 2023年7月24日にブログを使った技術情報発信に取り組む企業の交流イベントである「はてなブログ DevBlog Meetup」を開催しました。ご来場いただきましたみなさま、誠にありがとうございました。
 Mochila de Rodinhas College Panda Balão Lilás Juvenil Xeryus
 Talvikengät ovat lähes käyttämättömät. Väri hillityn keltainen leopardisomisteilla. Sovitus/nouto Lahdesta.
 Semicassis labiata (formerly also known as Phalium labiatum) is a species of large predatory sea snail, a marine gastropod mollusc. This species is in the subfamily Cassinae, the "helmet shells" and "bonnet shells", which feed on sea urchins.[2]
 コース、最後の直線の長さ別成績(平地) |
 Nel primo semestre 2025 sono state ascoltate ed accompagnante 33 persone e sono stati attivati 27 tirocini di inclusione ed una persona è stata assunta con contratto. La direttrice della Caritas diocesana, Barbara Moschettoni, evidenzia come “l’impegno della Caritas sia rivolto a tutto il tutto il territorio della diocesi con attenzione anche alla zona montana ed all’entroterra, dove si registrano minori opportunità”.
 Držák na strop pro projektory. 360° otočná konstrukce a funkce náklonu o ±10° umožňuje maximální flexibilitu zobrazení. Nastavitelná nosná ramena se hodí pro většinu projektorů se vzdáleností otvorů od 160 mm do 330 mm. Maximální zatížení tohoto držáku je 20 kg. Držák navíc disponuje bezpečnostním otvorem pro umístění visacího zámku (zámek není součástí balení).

...

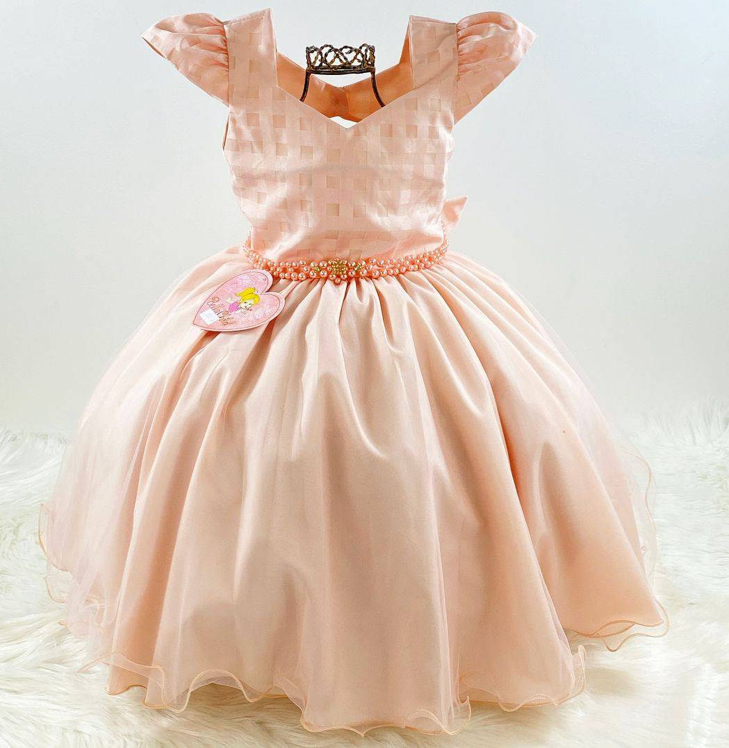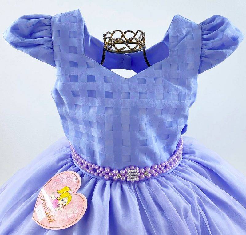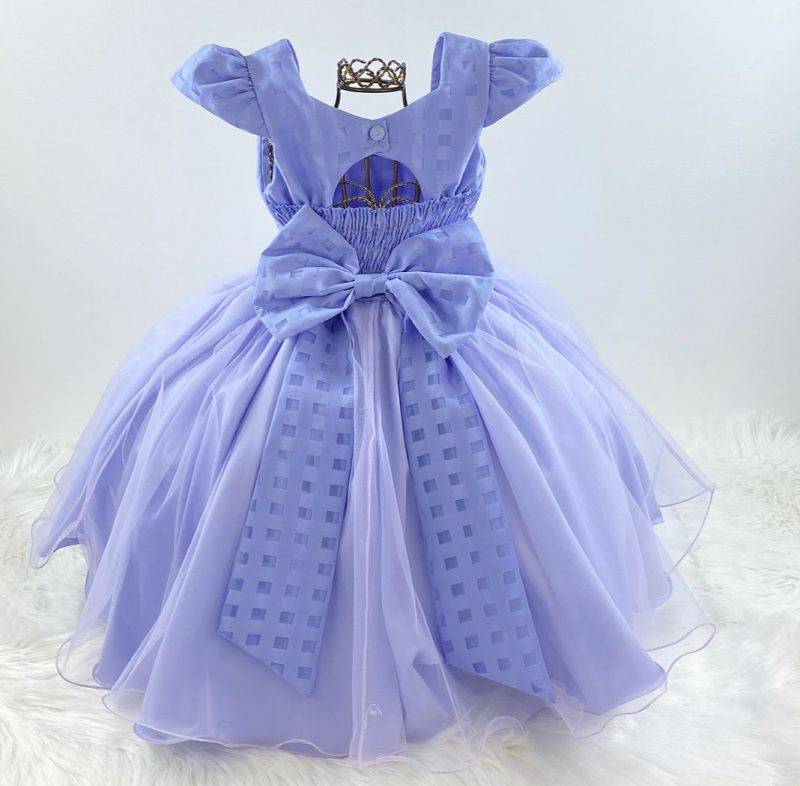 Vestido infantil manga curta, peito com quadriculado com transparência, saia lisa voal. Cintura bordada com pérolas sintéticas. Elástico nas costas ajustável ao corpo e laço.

* * *

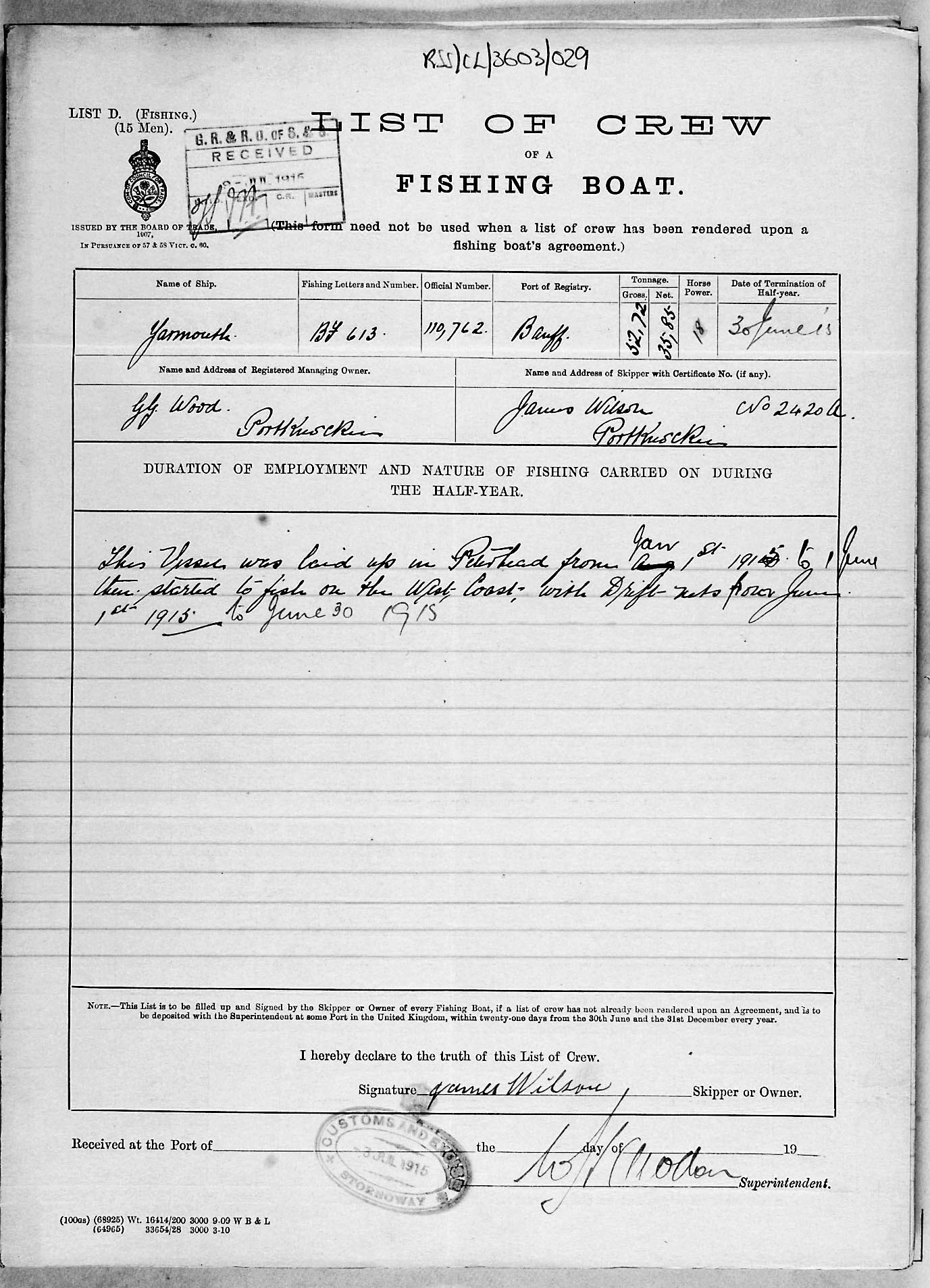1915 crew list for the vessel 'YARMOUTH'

Prompt >>
Give an exact copy of the lines above from the line with "Talvikengät ovat lähes" up to and including the line with "コース、最後の直線の長さ別成績(平地) |", and leave everything else out.

Your response >>
 Talvikengät ovat lähes käyttämättömät. Väri hillityn keltainen leopardisomisteilla. Sovitus/nouto Lahdesta.
 Semicassis labiata (formerly also known as Phalium labiatum) is a species of large predatory sea snail, a marine gastropod mollusc. This species is in the subfamily Cassinae, the "helmet shells" and "bonnet shells", which feed on sea urchins.[2]
 コース、最後の直線の長さ別成績(平地) |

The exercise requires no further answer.